The study of English develops children’s abilities to listen, speak, read and write for a wide range of purposes, so using language to learn and communicate ideas, views and feelings. It enables children to express themselves creatively and imaginatively, as they become enthusiastic and critical readers of stories, poetry and drama, as well as non-fiction and media texts. Children gain an understanding of how language works by looking at its patterns, structures and origins. Children use their knowledge, skills and understanding in speaking and writing across a range of different situations.
Our aims of teaching English at Stranton are:
- to enable children to speak clearly and audibly in ways which take account of their listeners;
- to encourage children to listen with concentration in order to be able to identify the main points of what they have heard;
- to enable children to adapt their speech to a wide range of circumstances and demands;
- to develop children’s abilities to reflect on their own and others’ contributions and the language used;
- to enable children to evaluate their own and others’ contributions through a range of drama activities;
- to develop confident, independent readers through an appropriate focus on word-reading and comprehension skills;
- to encourage children to become enthusiastic and reflective readers through contact with engaging and challenging texts;
- to develop children’s love of reading;
- to help children enjoy writing and recognise its value;
- to enable children to write with accuracy and meaning in narrative and non-fiction;
- to increase children’s ability to use planning, drafting and editing to improve their work;
- to apply Literacy skills in other curriculum areas.
English is a core subject of the National Curriculum. Our English curriculum is based on the National Curriculum, with each year group having set objectives to be taught.
Spelling is taught explicitly for a cumulative sixty minutes each week in Key Stage Two. We use Spelling Shed to do this. Each lesson has a main objective from the National Curriculum appendix for spelling. The teaching of spelling is structured as follows:
- Revise and Introduction
- Main Teaching Input
- Independent and Consolidation
Taught spellings are obtained from the appropriate year group for all children working at ARE. For children with SEND, spellings are taken from the year group objectives from which that child is currently working for writing.
Common gaps in children’s knowledge of spelling rules from previous year groups are identified and re-taught through whole class teaching.
Diagnostic assessments in spelling are tracked across the year.
Punctuation and Grammar
Punctuation and Grammar is taught daily in Year 2–6. During this session, teachers plan activities to develop children’s knowledge and understanding of specific terminology, its purpose and application within written English. In addition, there is a separate sentence-level lesson in the Writing Cycle. This is carefully planned so that the focus fits with the text type being taught and therefore, the children have ample opportunity to apply relevant skills to written work.
Writing lessons take place each morning. Our writing curriculum is based around our class novel, which is, where possible, linked to areas being taught in the wider curriculum to enable cross-curricular learning. The writing curriculum enables children to access a progressive range of different text types.
Our English writing cycle is as follows:
- Analysing the features of a new text type and exploring this through vocabulary and oracy.
- Sentence level lesson(s) related to the text type
- Planning the text
- Writing the text in a ‘Draft’ book
- Editing and improving the text.
- Publishing the text in a ‘Published’ book
Oracy and vocabulary are two key areas within the teaching of English and the wider curriculum. Opportunities to further embed knowledge in both areas are planned for each day.
Handwriting is taught explicitly across school using Letterjoin’s whole school online scheme and resources. Children practise words and letters at the discretion of the class teacher and based on the needs of the children. In Key Stage 2, children also have one lesson of handwriting based on the spelling list for that given week. Using Letterjoin at home is encouraged for both individual pupils and whole classes.

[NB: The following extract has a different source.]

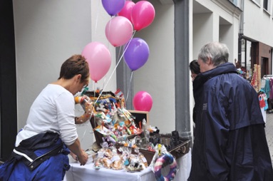In diesem Jahr haben zwei Vorstandsmitglieder unseres Vereins erstmalig am Koffermarkt in der Neustraße in Trier mitgemacht. Zum Kauf angeboten wurden von diesen in Eigenarbeit liebevoll hergestellte Handarbeiten verschiedenster Art. Den Koffer schmückten Lavendel-Säckchen, kleine Eulen und natürlich kleine Hunde aus Stoff, die gut als Anhänger zu gebrauchen sind. Kleine Nadelfilzarbeiten vom Marienkäfer bis zur Pinguinfamilie gefielen den Besuchern des Koffermarkts sehr gut. Auch kunstvoll geschliffene Gläser mit den wundervollen Motiven fanden in dem Koffer ihren Platz und suchten nach neuen Besitzern.
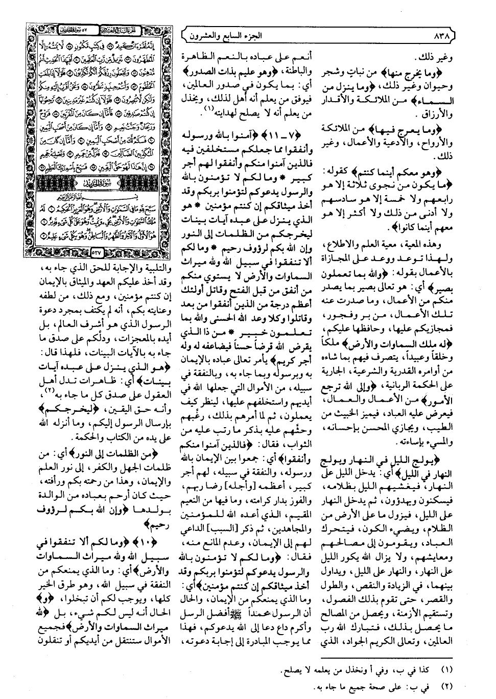 {٧-١١} {آمِنُوا بِاللَّهِ وَرَسُولِهِ وَأَنْفِقُوا مِمَّا جَعَلَكُمْ مُسْتَخْلَفِينَ فِيهِ فَالَّذِينَ آمَنُوا مِنْكُمْ وَأَنْفَقُوا لَهُمْ أَجْرٌ كَبِيرٌ * وَمَا لَكُمْ لا تُؤْمِنُونَ بِاللَّهِ وَالرَّسُولُ يَدْعُوكُمْ لِتُؤْمِنُوا بِرَبِّكُمْ وَقَدْ أَخَذَ مِيثَاقَكُمْ إِنْ كُنْتُمْ مُؤْمِنِينَ * هُوَ الَّذِي يُنَزِّلُ عَلَى عَبْدِهِ آيَاتٍ بَيِّنَاتٍ لِيُخْرِجَكُمْ مِنَ الظُّلُمَاتِ إِلَى النُّورِ وَإِنَّ اللَّهَ بِكُمْ لَرَءُوفٌ رَحِيمٌ * وَمَا لَكُمْ أَلا تُنْفِقُوا فِي سَبِيلِ اللَّهِ وَلِلَّهِ مِيرَاثُ السَّمَاوَاتِ وَالأرْضِ لا يَسْتَوِي مِنْكُمْ مَنْ أَنْفَقَ مِنْ قَبْلِ الْفَتْحِ وَقَاتَلَ أُولَئِكَ أَعْظَمُ دَرَجَةً مِنَ الَّذِينَ أَنْفَقُوا مِنْ بَعْدُ وَقَاتَلُوا وَكُلا وَعَدَ اللَّهُ الْحُسْنَى وَاللَّهُ بِمَا تَعْمَلُونَ خَبِيرٌ * مَنْ ذَا الَّذِي يُقْرِضُ اللَّهَ قَرْضًا حَسَنًا فَيُضَاعِفَهُ لَهُ وَلَهُ أَجْرٌ كَرِيمٌ} .

Below are each year groups expectations for writing.
The Year 1 curriculum develops children’s independence as learners as well as building on the range of skills the children have developed in the foundation Stage curriculum. The Year 1 curriculum covers a range of subjects including phonics which prepares children for their end of year phonic check.
The Year 2 curriculum develops the objectives that children learnt in Year 1. It promotes children’s independent learning and prepares them for Key Stage Two.
The Year 3 curriculum develops the objectives that children learnt in Year 2. As children enter KS2, there is a greater focus on developing their independent learning skills to ensure that children have a sound grasp of the year group objectives.
The Year 4 curriculum develops children’s independence as learners as well as building on the range of skills the children have developed in the Year 3 curriculum.
The Year 5 curriculum develops children’s independence as learners as well as building on the range of skills the children have developed in the Year 4 curriculum.
The Year 6 curriculum develops children’s independence as learners as well as building on the range of skills the children have developed in the Year 5 curriculum. The Year 6 curriculum will prepare children for their end of year statutory tests.